Pictures are to be left out, and only the lines below starting at the one with "このことは、「低LET放射線" and ending at the one with "kotkottivat tohkeissaan. Vaikka" are to be reproduced, each exactly, both ends included.

### RECORDS FOR THE TASK
%%

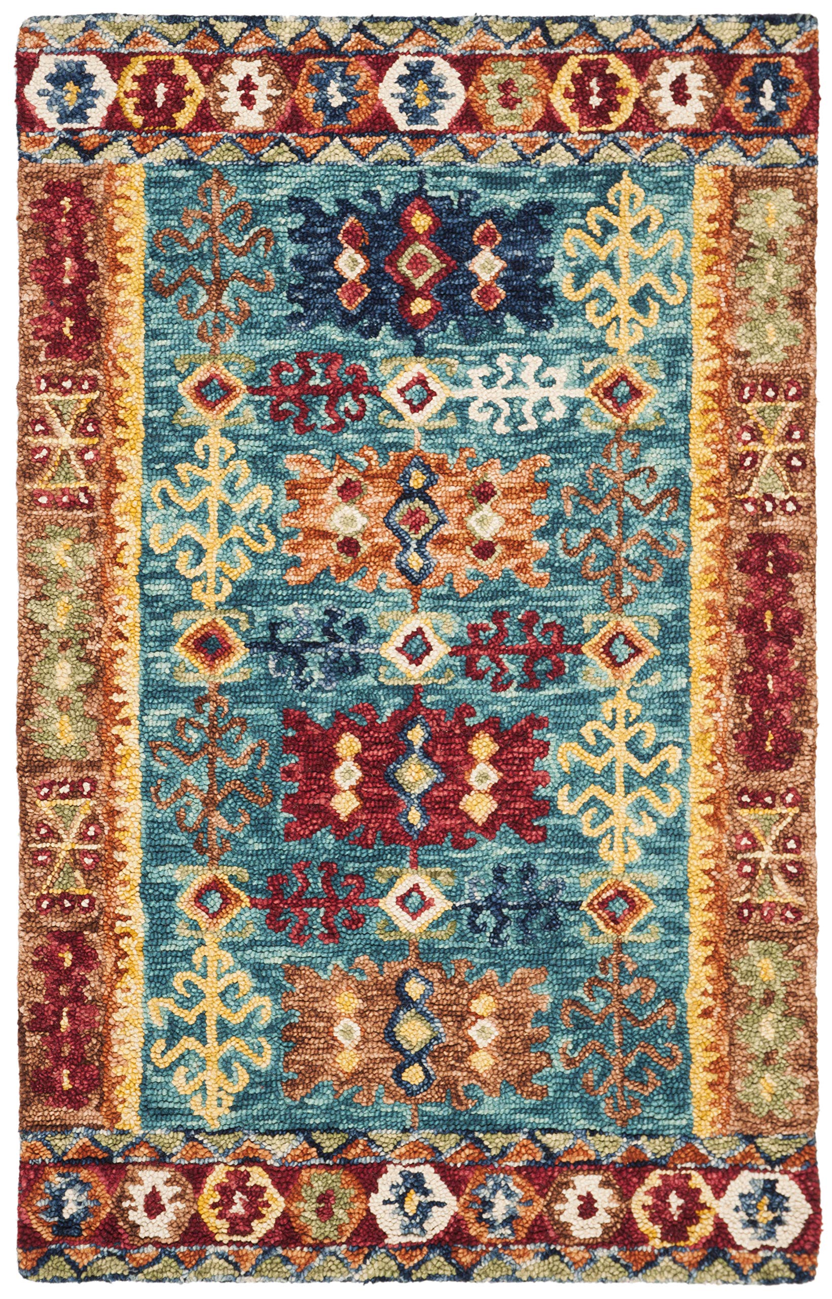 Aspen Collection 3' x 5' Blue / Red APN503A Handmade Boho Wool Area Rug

%%
%%

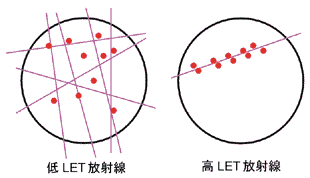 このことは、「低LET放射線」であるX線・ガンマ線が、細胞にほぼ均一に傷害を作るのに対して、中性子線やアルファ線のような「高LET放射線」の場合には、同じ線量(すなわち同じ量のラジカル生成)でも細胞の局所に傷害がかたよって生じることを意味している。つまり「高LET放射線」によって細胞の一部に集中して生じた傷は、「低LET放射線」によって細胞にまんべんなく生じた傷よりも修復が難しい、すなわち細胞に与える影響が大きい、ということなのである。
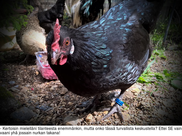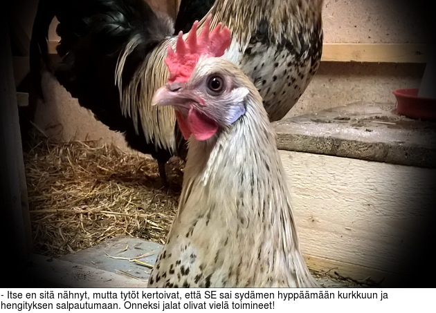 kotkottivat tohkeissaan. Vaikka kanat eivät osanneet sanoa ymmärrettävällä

%%

### WRITTEN SOLUTION
 このことは、「低LET放射線」であるX線・ガンマ線が、細胞にほぼ均一に傷害を作るのに対して、中性子線やアルファ線のような「高LET放射線」の場合には、同じ線量(すなわち同じ量のラジカル生成)でも細胞の局所に傷害がかたよって生じることを意味している。つまり「高LET放射線」によって細胞の一部に集中して生じた傷は、「低LET放射線」によって細胞にまんべんなく生じた傷よりも修復が難しい、すなわち細胞に与える影響が大きい、ということなのである。
 kotkottivat tohkeissaan. Vaikka kanat eivät osanneet sanoa ymmärrettävällä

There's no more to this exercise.